WHEN IN THE STRESS TUNNEL, YOU SEE NO OPTIONS. Even if there ARE no external options, staying free of that tunnel is still the best option.  At the very, very least…you now have the capacity to help your FAMILY stay out of the “stress tunnel” so that they can brainstorm answers that no individual can possibly find.

 

And if there IS no answer?   Then a tragedy has occurred, and the rest of the family must protect each other, their hearts and their children, so that the actions of a monster do not destroy an entire network of souls.   NO matter what the circumstance, what you and your family needs is as much clarity and positive action as humanly possible.

 

Maintaining that attitude without excoriating yourself for not having that strength currently is the Inner War.  And for the sake of your children, and the child within you and everyone you love, you might be slain, but you cannot surrender.

##

 

That is an extreme. But what of those other arenas?   Writing a story in 30 days?  Finding a soulmate?

 

Both require the same thing: the capacity to control your state, which makes it possible to define and take actions leading to your solution.  How do you control your state? By controlling your mental focus, the language you use, and the way you use your body ALL AT THE SAME TIME.

 

Writing a story?  That minimum is a sentence a day.

Finding your Soulmate?  If you want a healthy, balanced person with positive energy YOU MUST BE SUCH A PERSON. It is brutally simple.

 

How do you do that?  Start with self love.  How can you do that?   So many ways, the “Ancient Child” and “Heartbeat Meditation” and dream journaling and a Morning Ritual are just a few.  But all that takes time!  Well, how much time did you just spend reading THIS?  There was your damned time.  You have the time.  But the stress protects itself with lies.

 

Five minutes. THAT’S the minimum.   Distributed through the day in 60-second increments of deep breathing, so that the “minimum” is actually sixty seconds.  One minute.

 

One sentence

One minute.

 

There are your minimums for creating a story.
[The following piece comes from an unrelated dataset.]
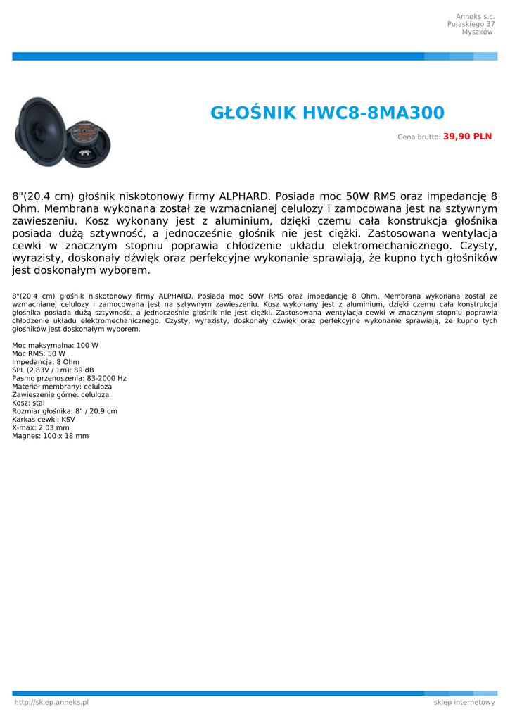 Anneks s.c. Pułaskiego 37 Myszków GŁOŚNIK HWC8-8MA300 Cena brutto: 39,90 PLN 8"(20.4 cm) głośnik niskotonowy firmy ALPHARD. Posiada moc 50W RMS oraz impedancję 8 Ohm. Membrana wykonana został ze wzmacnianej celulozy i zamocowana jest na sztywnym zawieszeniu. Kosz wykonany jest z aluminium, dzięki czemu cała konstrukcja głośnika posiada dużą sztywność, a jednocześnie głośnik nie jest ciężki. Zastosowana wentylacja cewki w znacznym stopniu poprawia chłodzenie układu elektromechanicznego. Czysty, wyrazisty, doskonały dźwięk oraz perfekcyjne wykonanie sprawiają, że kupno tych głośników jest doskonałym wyborem. 8"(20.4 cm) głośnik niskotonowy firmy ALPHARD. Posiada moc 50W RMS oraz impedancję 8 Ohm. Membrana wykonana został ze wzmacnianej celulozy i zamocowana jest na sztywnym zawieszeniu. Kosz wykonany jest z aluminium, dzięki czemu cała konstrukcja głośnika posiada dużą sztywność, a jednocześnie głośnik nie jest ciężki. Zastosowana wentylacja cewki w znacznym stopniu poprawia chłodzenie układu elektromechanicznego. Czysty, wyrazisty, doskonały dźwięk oraz perfekcyjne wykonanie sprawiają, że kupno tych głośników jest doskonałym wyborem. Moc maksymalna: 100 W Moc RMS: 50 W Impedancja: 8 Ohm SPL (2.83V / 1m): 89 dB Pasmo przenoszenia: 83-2000 Hz Materiał membrany: celuloza Zawieszenie górne: celuloza Kosz: stal Rozmiar głośnika: 8" / 20.9 cm Karkas cewki: KSV X-max: 2.03 mm Magnes: 100 x 18 mm http://sklep.anneks.pl sklep internetowy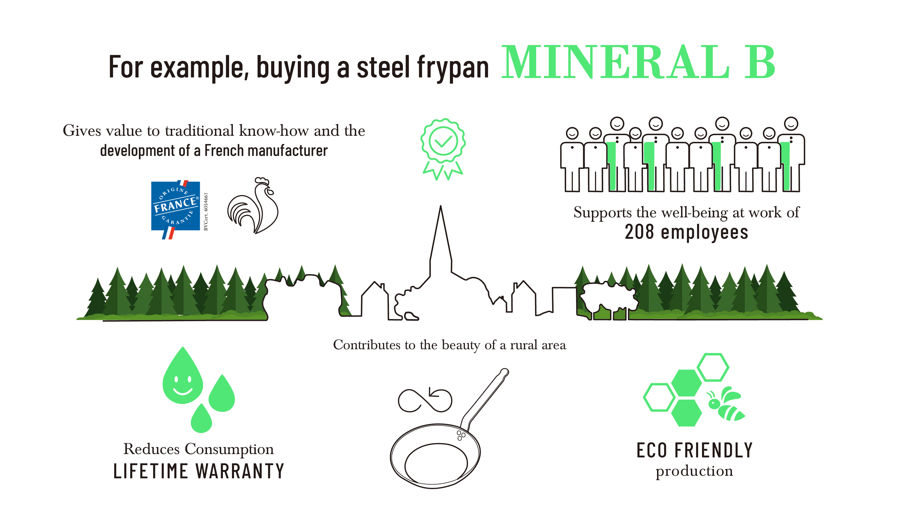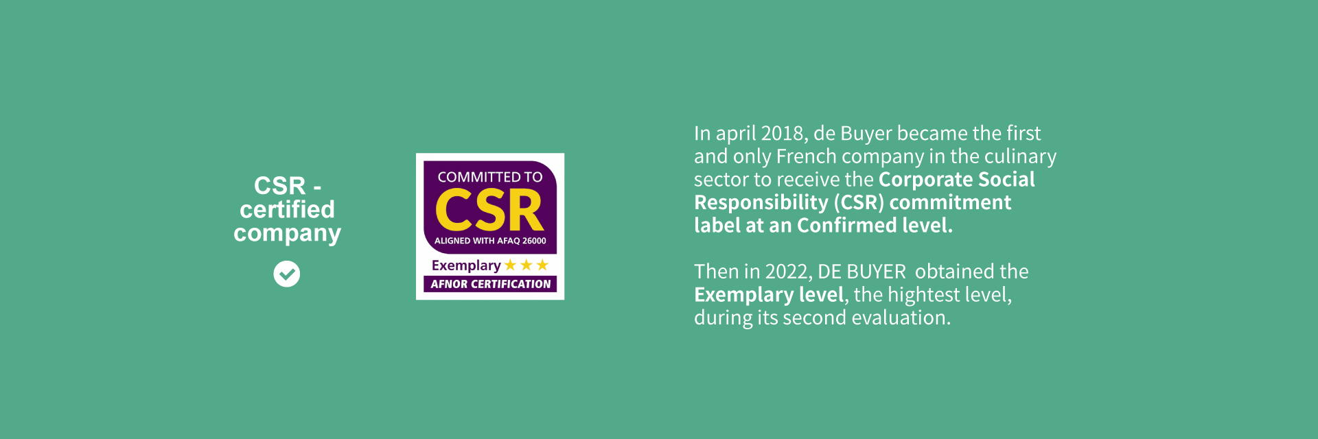 DE BUYER'S social responsibility is reflected primarily in its safe and sustainable products. Designed to last for generations, they are recyclable and made from materials sourced in France or Europe. The company incorporates a consideration of life cycles in its design and innovation processes. Eco-design training is provided to our R&D teams to consolidate this approach.

Finding your Soulmate.    There are others for making or protecting money, or becoming fit.    But once you see the minimum, if you don’t do it, does that trigger self-loathing and depression..?

 

THIS IS WHY YOU NEED TO START WITH SELF-LOVE. You cannot wire around this, ignore it, postpone it, trick it or lie your way out of it. You have to go into the pale places within you, face the Dark Night, and find some bedrock of faith.  Can’t find it? Then find the bedrock of survival. Don’t know where that is?  You can find it simply by slowing your breathing down below about 4 breaths per minute, because when the carbon dioxide level rises in your blood you will hit emergency. Then…imagine this is happening to a helpless infant (“The Ancient Child”) and that YOU are his/her only protection.

 

You’ll find that strength. It IS within you.   That ability to fight until the last drop of blood.   And whether it is protecting your family or building your dreams, the doorway is ALWAYS there, even though when you are IN the “stress tunnel” you cannot see it and might need someone else to point it out to you and support you.

 

That’s why there is more than one of us.  That’s why, come what may, I will ALWAYS encourage you to believe in yourself.  Always.  No matter what.  If you want someone to agree that you are helpless, you will need to go somewhere else.

 

But personally?  I’m hoping you’ll stay.